A proposition isn’t necessarily sexual harassment

Ok, so my feeling is that if someone propositions you (ie asks you if you’d like to have sex) at a dance event, it’s not sexual harassment in and of itself.

What makes it sexual harassment?

– They have more power than you do (whether they’re your teacher or boss, your host whose house you’re staying in, someone with more physical power, etc etc).
– They threaten you with consequences, or imply shit will go bad for you if you don’t take them up on the offer (eg they’re your dance partner and say they’ll pull out of the comp if you say no; they’re your boss and say they won’t give you any shifts if you say no; they’re a peer and say they’ll tell people bad stuff about you if you say no). ie they try to coerce you into saying yes.
– They ask in an inappropriate setting (eg you’re colleagues both working, and they ask you while you’re both working and you can’t move away or comfortably say no).
– They ask you repeatedly and try to convince you.
– When you don’t respond, or you say no, or you leave the room, they follow you, ask you repeatedly, or continue as though you’d said yes.
– The event has a safe space policy that says ‘It’s not ok to ask someone if they want to have sex with you at this event’. This one is trickier, but if an event has a ‘no sex’ policy (and that is a legit option) and they proposition you anyway, that implies they don’t care about boundaries and rules.
– You weren’t physically able to say yes or no or move away (eg if you’re drunk or stoned, asleep, working (eg MCing or working a cash register), backed into a corner, etc.
– You’re at an event in a culture or society where the act of asking is impossible to refuse.
– You’ve just told them you feel scared and afraid.

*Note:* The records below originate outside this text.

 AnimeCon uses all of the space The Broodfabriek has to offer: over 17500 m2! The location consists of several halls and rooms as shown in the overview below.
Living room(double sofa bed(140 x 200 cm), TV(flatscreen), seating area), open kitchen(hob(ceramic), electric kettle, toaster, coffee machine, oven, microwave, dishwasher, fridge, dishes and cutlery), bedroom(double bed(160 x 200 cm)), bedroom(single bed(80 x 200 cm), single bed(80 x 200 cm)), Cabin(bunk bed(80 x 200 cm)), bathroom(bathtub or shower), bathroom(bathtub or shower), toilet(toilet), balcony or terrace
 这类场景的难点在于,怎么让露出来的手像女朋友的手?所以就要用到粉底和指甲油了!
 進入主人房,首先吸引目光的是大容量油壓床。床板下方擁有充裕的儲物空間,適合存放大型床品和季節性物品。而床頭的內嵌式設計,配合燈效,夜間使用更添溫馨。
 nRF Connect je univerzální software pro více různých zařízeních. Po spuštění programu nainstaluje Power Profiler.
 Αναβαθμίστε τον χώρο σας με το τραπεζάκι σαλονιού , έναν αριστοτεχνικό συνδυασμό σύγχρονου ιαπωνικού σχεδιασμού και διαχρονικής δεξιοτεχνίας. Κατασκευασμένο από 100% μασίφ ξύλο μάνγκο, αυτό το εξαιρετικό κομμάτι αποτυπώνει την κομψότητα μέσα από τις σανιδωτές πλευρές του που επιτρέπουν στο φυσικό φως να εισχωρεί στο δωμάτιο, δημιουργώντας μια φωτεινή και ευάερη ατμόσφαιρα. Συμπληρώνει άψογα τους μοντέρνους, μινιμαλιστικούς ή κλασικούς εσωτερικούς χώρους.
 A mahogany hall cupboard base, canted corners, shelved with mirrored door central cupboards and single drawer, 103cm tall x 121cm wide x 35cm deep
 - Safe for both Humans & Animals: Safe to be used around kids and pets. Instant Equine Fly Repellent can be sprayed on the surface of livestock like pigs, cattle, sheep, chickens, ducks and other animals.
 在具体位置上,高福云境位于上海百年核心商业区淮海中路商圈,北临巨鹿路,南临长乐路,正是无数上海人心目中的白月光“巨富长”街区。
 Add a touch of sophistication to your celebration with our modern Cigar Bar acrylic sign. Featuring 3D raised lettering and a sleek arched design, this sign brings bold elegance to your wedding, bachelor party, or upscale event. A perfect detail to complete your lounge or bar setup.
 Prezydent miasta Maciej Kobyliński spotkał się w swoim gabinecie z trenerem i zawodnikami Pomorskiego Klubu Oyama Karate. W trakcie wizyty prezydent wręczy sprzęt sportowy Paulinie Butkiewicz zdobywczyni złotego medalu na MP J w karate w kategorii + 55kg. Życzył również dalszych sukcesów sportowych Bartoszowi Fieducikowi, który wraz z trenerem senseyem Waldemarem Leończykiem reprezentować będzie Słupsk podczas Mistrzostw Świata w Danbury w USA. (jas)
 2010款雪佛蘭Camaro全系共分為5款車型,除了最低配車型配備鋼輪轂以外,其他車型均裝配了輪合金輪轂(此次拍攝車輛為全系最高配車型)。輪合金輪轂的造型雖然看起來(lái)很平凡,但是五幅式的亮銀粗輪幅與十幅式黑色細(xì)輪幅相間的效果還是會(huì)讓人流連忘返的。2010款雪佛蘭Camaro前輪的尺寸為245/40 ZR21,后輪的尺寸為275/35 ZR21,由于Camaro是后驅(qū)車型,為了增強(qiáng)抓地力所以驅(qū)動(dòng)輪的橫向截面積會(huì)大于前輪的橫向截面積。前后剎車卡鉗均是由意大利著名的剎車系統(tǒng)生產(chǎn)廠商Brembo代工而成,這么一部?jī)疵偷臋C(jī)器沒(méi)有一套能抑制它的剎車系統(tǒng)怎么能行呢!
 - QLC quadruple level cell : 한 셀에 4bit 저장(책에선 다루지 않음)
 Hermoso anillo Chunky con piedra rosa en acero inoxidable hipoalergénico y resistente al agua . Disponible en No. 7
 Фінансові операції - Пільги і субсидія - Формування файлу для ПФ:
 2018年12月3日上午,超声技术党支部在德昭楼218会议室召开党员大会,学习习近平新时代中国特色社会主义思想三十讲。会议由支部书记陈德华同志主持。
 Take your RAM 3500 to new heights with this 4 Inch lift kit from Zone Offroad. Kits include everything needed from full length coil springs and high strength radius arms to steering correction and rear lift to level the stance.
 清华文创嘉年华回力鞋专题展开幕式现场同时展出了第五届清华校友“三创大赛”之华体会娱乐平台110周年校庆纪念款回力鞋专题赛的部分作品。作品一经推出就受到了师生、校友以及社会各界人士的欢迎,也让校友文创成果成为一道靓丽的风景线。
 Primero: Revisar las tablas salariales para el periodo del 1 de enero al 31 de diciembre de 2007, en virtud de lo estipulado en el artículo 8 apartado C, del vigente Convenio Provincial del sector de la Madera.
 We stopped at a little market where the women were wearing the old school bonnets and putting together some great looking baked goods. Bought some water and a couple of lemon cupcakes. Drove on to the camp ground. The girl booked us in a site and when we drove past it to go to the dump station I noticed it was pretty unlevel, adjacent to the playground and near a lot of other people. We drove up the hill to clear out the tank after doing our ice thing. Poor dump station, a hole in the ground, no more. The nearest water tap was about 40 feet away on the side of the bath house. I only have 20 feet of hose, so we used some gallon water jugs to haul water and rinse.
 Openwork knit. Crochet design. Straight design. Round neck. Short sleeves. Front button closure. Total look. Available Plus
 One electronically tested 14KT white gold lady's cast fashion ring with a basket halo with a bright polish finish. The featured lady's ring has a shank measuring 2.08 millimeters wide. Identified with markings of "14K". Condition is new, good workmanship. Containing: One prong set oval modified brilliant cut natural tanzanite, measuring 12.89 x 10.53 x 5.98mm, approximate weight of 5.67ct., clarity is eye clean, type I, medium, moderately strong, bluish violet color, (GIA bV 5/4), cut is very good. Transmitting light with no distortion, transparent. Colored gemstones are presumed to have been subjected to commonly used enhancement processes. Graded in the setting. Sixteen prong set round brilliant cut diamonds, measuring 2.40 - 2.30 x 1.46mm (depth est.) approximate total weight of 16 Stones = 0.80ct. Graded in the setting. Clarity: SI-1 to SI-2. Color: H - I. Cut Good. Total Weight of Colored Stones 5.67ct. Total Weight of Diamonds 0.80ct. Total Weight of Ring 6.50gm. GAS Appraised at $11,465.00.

If they asked you to have sex, then moved on (physically or in conversation) when you say no or don’t say yes, then it’s not necessarily sexual harassment.

It could be awkward, you could dislike it, you could feel confused or upset, but it’s not necessarily sexual harassment.

To be super clear: there’s nothing wrong with feeling afraid, upset, confused, embarrassed, angry, etc when someone propositions you. It’s ok to feel shitty if you were enjoying a nice asexual/nonsexual moment and they harshed your vibe. It’s ok to be annoyed if you’re straight and they’re gay (or vice versa) and they don’t suit your sexual preferences.

They’re all legit feelings. If you do feel this way, you should definitely find a safe space and get some help if you want it. You don’t have to report anything or have a safe space staff member sort it out for you.
But if someone likes you and finds you attractive and makes an offer, that’s not necessarily sexual harassment.

How do you respond if someone does proposition you, and you don’t want to, or feel afraid or panicky?
A first step is to say “No.” That’s enough. You don’t need to say anything else.
If you can’t get the word out, then it’s also ok to just freaking run away. Get out of there.
What if you freeze and can’t do or say anything?

A decent person is looking for _enthusiastic_ consent. If you don’t say anything, or if you say no, then a decent person is not going to pursue you. Best case scenario, they’re going to apologise and remove themselves.
If you do haul arse and run away, or you’re stuck there frozen and silent, a decent person will check in with the event staff to let them know that you seem upset, and they’ll make sure the staff know how to find them. Or they’ll tell your mates to check in. They should know better than to follow you and try to explain themselves.
And I think that this is where it becomes obvious that we are all responsible for each other’s safety. If you’re in a group or a social space, and you do freeze and panic, hopefully someone else will notice and check in with you.

And if _you_ see someone proposition someone and get a panicky/scared response, it’s important that you do something. You don’t have to confront anyone. You could just suddenly ask the scared person if they’re taking class tomorrow. Or you could ask the propositioner if _they’re_ taking class. Do it loudly and akwardly and you’ll defuse the situation and other people’s attention will be drawn, so they might be able to do something more.

But we all have a responsibility to keep an eye out for each other.